We conclude our hypothesis testing that has allowed us to make supported claims regarding our findings to move onto building the models for our data.
We will now develop machine learning models to predict the diabetes outcome of patients in the dataset. Using preexisting algorithms, we will produce a model that will make an outcome prediction when given information. There are many algorithms to choose from; however, we decided to use the classification models Random Forest, K-Nearest Neighbor (kNN), and Support Vector Machine (SVM).

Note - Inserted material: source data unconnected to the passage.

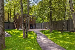 Закрытая территория, автоматические ворота для въезда в посёлок. Посёлок окружен лесным массивом, удобный выезд на Ильинское шоссе и Цкад. В пешей доступности каскад из 5 прудов; - Прогулочная зона зимой и летом: есть 4 маршрута для прогулок или катания на велосипеде в лесу или в соседней заповедной роще без выхода на проезжую часть; - В 5 минутах на авто - Дипломатический пляж на Николиной Горе и 4 крупных спорт-центра (теннис, футбол, бильярд, фитнес, сауны); - В 15-20 минутах на авто - гольф-клуб Нахабино; - 2 частные школы; - 3 бассейна в 5-минутной доступности; - Рестораны, продуктовые магазины и аптеки в 5 минутной доступности; - 4 выезда в Москву: Рублево-Успенское шоссе, Новорижское шоссе, через Масловскую дачу, по платной дороге в сторону Одинцово. В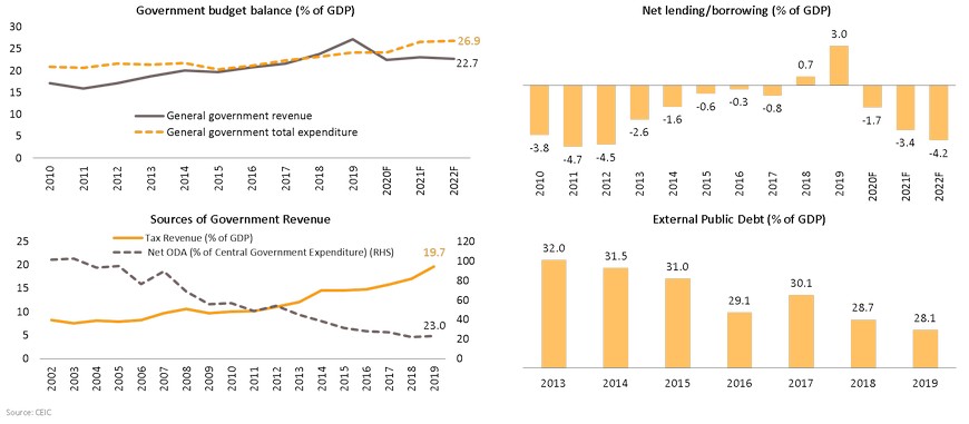 Debt sustainability remains manageable for Cambodia. In the medium term, the government may need to run budget deficits to nurture the economic recovery in the post-pandemic world.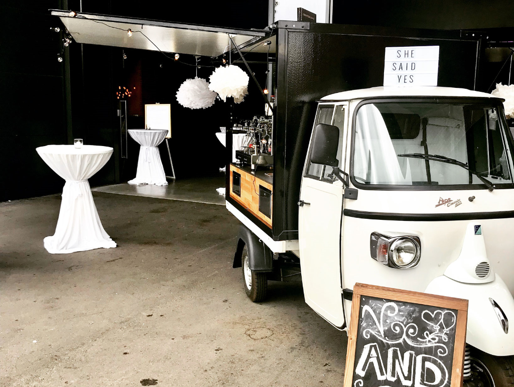 Neben dem Sektempfang bieten wir auch Kaffespezialitäten, zubereitet unter Hochdruck nach original italienischem Ursprung, aus unserer Ape an. Erfahren Sie den reinen und köstlichen Kaffee-Geschmack!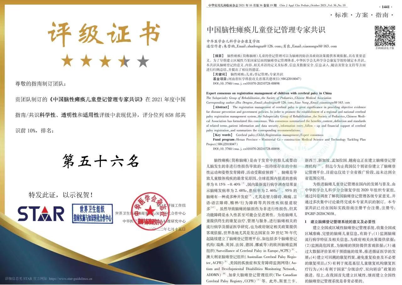 2022年7月15日,第二届临床实践指南科学性、透明性和适用性评级工具STAR学术年会召开,会上发布了年度评价报告,并公布了优秀指南/共识名单,我校《中华实用儿科临床杂志》2021年刊登的《中国儿童过敏原检测临床应用专家共识(2021版)》《中国脑性瘫痪儿童登记管理专家共识》在收录的858篇中国共识中分别排在第5位和第56位,在52篇儿科学共识中分别排在第2位和第8位。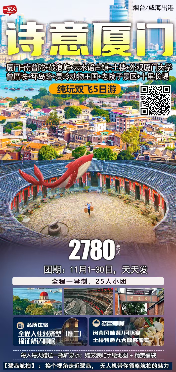 线路名称:【诗意厦门】双飞5日游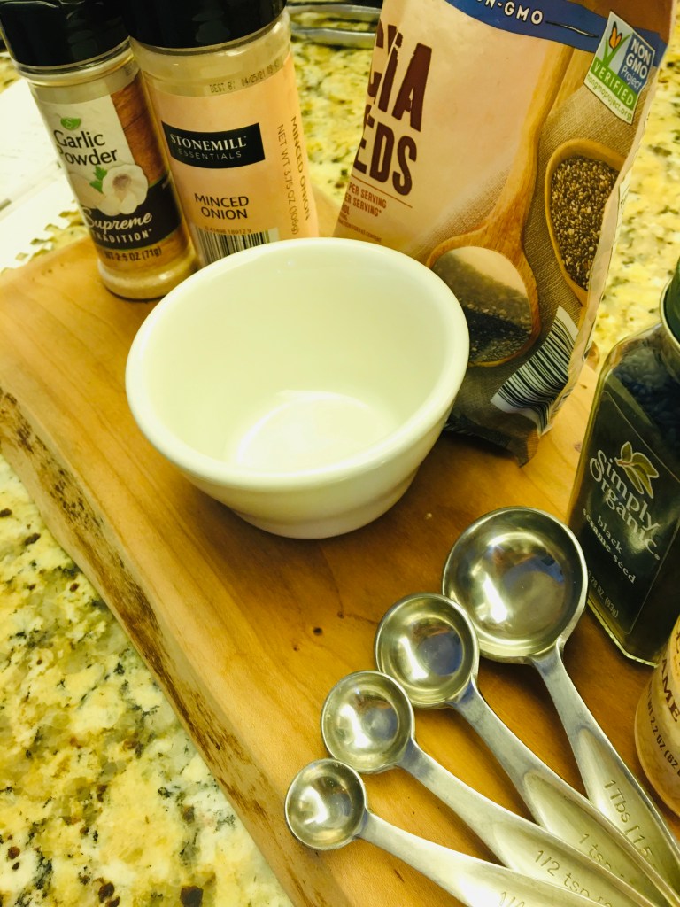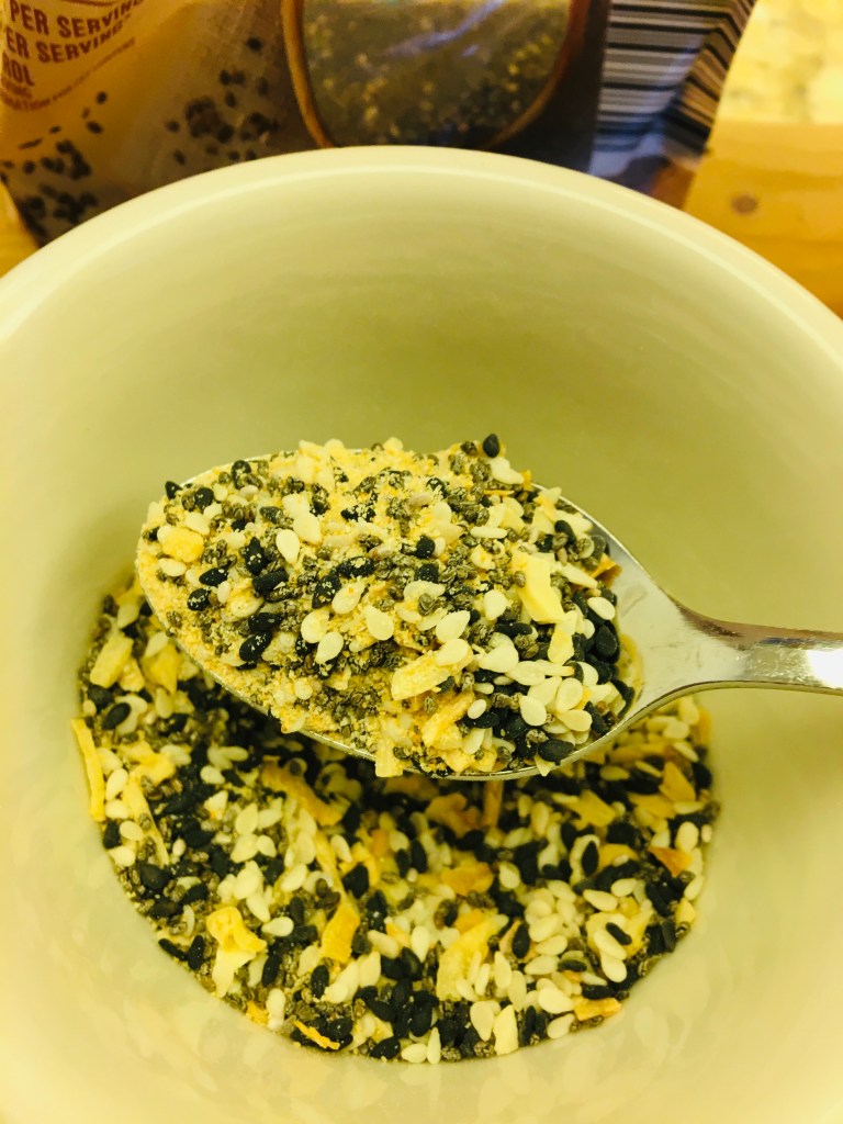 This is my version of everything bagels seasoning with chia seeds instead of poppy seeds and it’s super easy to make!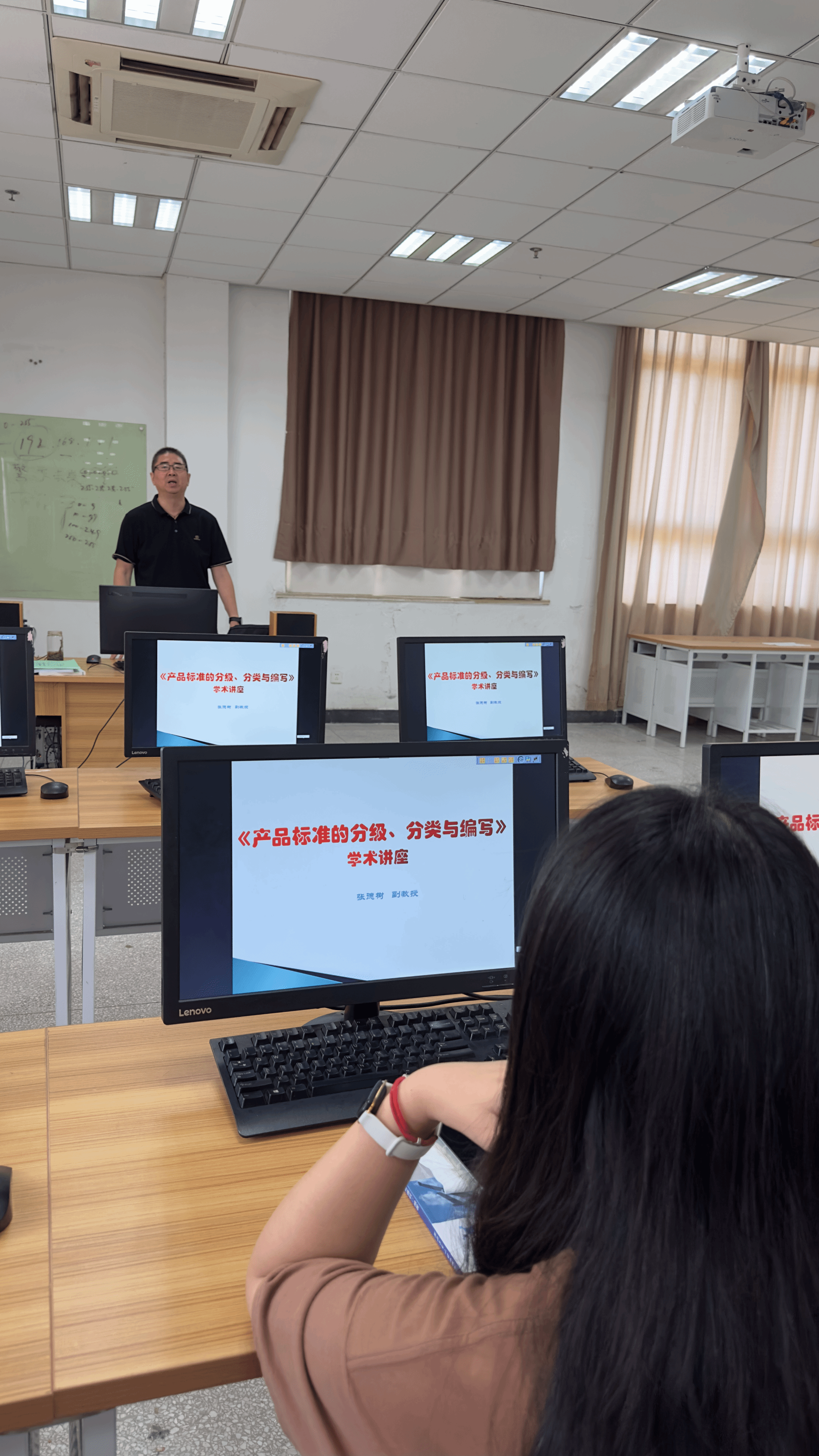 2023年9月18日上午,信息工程学院张德树老师在Z505教室,举办题为“产品标准的分级、分类与编写”的讲座,信息工程学院计算机类相关专业约百余名学生听取了讲座。

Random Forest is a more versatile version of the decision tree, eliminating overfitting datasets and increasing accuracy. Both decision tree and random forest can handle missing data much better than other algorithms, and is overall faster to predict results due to the logorithmic size of the trees. However, the model takes a lot of resources to produce due to making several objects, and the model is far less interpretable than decision tree.
We are expecting Random Forest to produce the best results for our dataset due to its versatility.
kNN is a intuitive and simple algorithm to visualize, with many variations to the algorithm embedded in the distance metrics used. However, it is sensitive to poorly matched features and has difficulty handling too much data at once, and generally favors matching one data over the other. It also handles high dimensions poorly, as there is a risk of overfitting.
kNN is a common algorithm used in many datasets, thus we want to see how accurate this algorithm can be in a situation it may struggle in.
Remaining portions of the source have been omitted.